Enter a little common sense

Senator Hutchison has introduced an amendment to the Ledbetter bill.   The amendment would change the statute of limitations to be 180 days from the date that the alleged victim initially has the reasonable suspicion they’re being discriminated against.

The downside of the Ledbetter Act without amendment is obvious.   With the equivalent of no statute of limitations there are issues of memory or recollection of specific events after 20+ years, is everyone involved still alive.  In the most extreme circumstances it’s possible  that someone who believes they’ve been discriminated against waits for years and years, until they have accumulated the potential for a nice retirement settlement, all while the employee continues to receive payment for their services.

If you don’t think the last scenario could occur, than we have agreement that there should be a statute of limitations.   The question becomes at what length.

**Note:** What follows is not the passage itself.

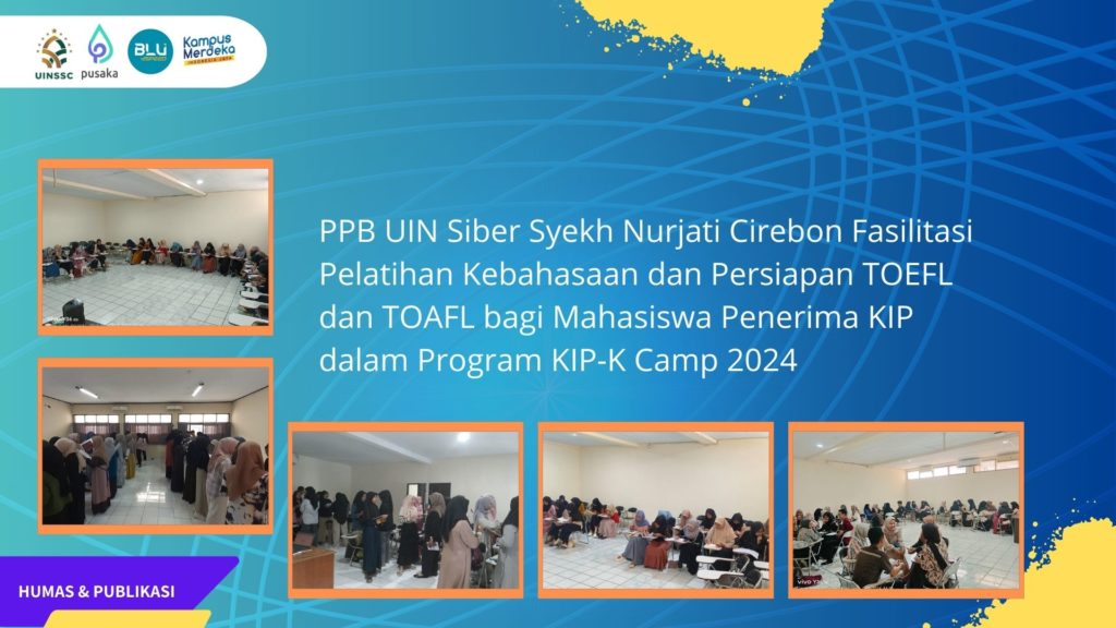 UIN Siber Cirebon – Pusat Pengembangan Bahasa Universitas Islam Negeri (UIN) Siber Syekh Nurjati Cirebon memfasilitasi kegiatan pelatihan persiapan TOEFL dan TOAFL bagi mahasiswa penerima Kartu Indonesia Pintar (KIP) dalam rangkaian Program KIP-K Camp 2024. Program ini bertujuan untuk meningkatkan kemampuan berbahasa Inggris dan Arab mahasiswa penerima KIP angkatan 2022, membantu mereka dalam menempuh pendidikan lebih lanjut, serta meningkatkan daya saing di dunia kerja.

While the Hutchison amendment still has some challenges that could cause debates of “what did they know and when did they know it,” the likely outcome is that the statute of limitations would have more flexibility than the current one without leaving it open indefinitely.     After all, can you imagine an offending employer trying to make the case that the filing date should have been earlier because they were clear in their discrimination much earlier than the victim “became aware” of it?   Victims would have fairly wide latitude in claiming “awareness” but would not be allowed a limitless time frame unless there were multiple infractions.  

The only group who appears to be economically disadvantaged by the provisions of the Hutchison amendment versus the Ledbetter Act, would be the trial lawyers.   With the equivalent of no statute of limitations, trial lawyers could go fishing in waters that are potentially limitless.   Fishing at the expense of employers who may have no guilt but will pay attorney fees for alleged acts that had occurred decades previous.

Maybe Harry Reid and the Senate Democrats are counting the new trial lawyer jobs created with their over reaching legislation as their contribution to President Obama’s commitment to creating…..how many jobs are we up to?

Call you Senator and tell them to support the Hutchison amendment to the Ledbetter Act.   Let’s give victims time to assess their options without giving trial lawyers time to black mail innocent companies.

Revisions/extensions (11:54 am 1/22/2009, steveegg) – The Hutchison amendment failed by a 40-55 vote. Every Democrat who was present (which excludes the ailing-again Ted Kennedy and the MIA Tom Harkin, along with Olympia Snowe (R/PIG-Maine, or RINO-Maine if you prefer), voted against the amendment.